À la recherche d’une solution de sortie de crise, Donald Trump a sollicité quelques pays alliés, dont le Japon, pour l’aider à rouvrir le détroit d’Ormuz. Mais tous les juristes s’accordent pour estimer que les conditions juridiques ne sont pas réunies pour un engagement des forces d’autodéfense (l’armée nippone) dans ce qui demeure, militairement, une poudrière. Sanae Takaichi a écarté cette éventualité à la Diète, promettant d’expliquer la situation à Donald Trump. Mais elle craint le courroux de l’irascible président, bien qu’il soit la source directe de nouveaux tourments pour son pays. Elle pourra au moins promettre une aide ultérieure, par exemple en dépêchant dans les eaux du détroit d’Ormuz des dragueurs de mines, lorsqu’elles seront pacifiées.

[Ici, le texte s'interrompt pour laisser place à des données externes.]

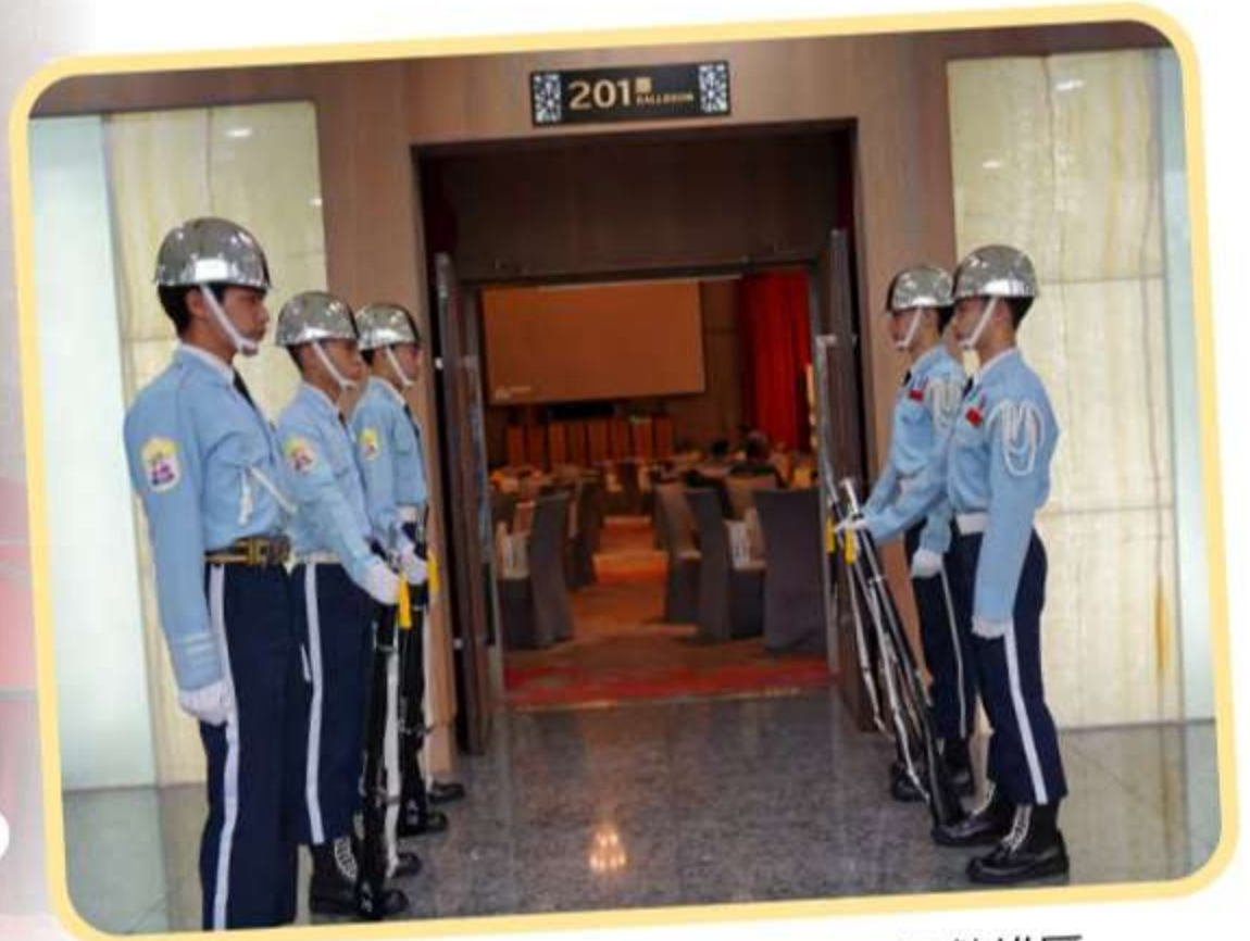
儀隊同學於入口站定隊形，氣勢雄厚

Le Japon pourrait-il prendre un jour de la distance avec un partenaire qui le traite de manière si cavalière ? Il en semble incapable, multipliant les gestes à mesure qu’il est sollicité. Si la relation est rompue, ce sera du fait de Washington, s’accordent les observateurs de cette relation. Ainsi Sanae Takaichi ne semble-t-elle pas adhérer au concept d’alliance entre «puissances moyennes» que le Premier ministre canadien Mark Carney a récemment esquissé. «Sanae Takaichi m’a dit : c’est facile pour Mark Carney de parler comme ça, il n’a que les États-Unis pour voisin», raconte un intellectuel proche de la Première Ministre. «Sanae Takaichi est contrainte d’affronter les réalités économiques et de sécurité. Le Canada fait partie de l’Otan et est dans la même région que les États-Unis. Nous, nous avons fait la guerre, avons été battus et depuis, nous nous efforçons d’être de bons alliés», explique Hitoshi Tanaka, de l’Institut de recherches du Japon, l’un des principaux architectes intellectuels de la diplomatie de son pays. Avant d’avouer son désarroi : «ce que dit Trump chaque jour est si fou…».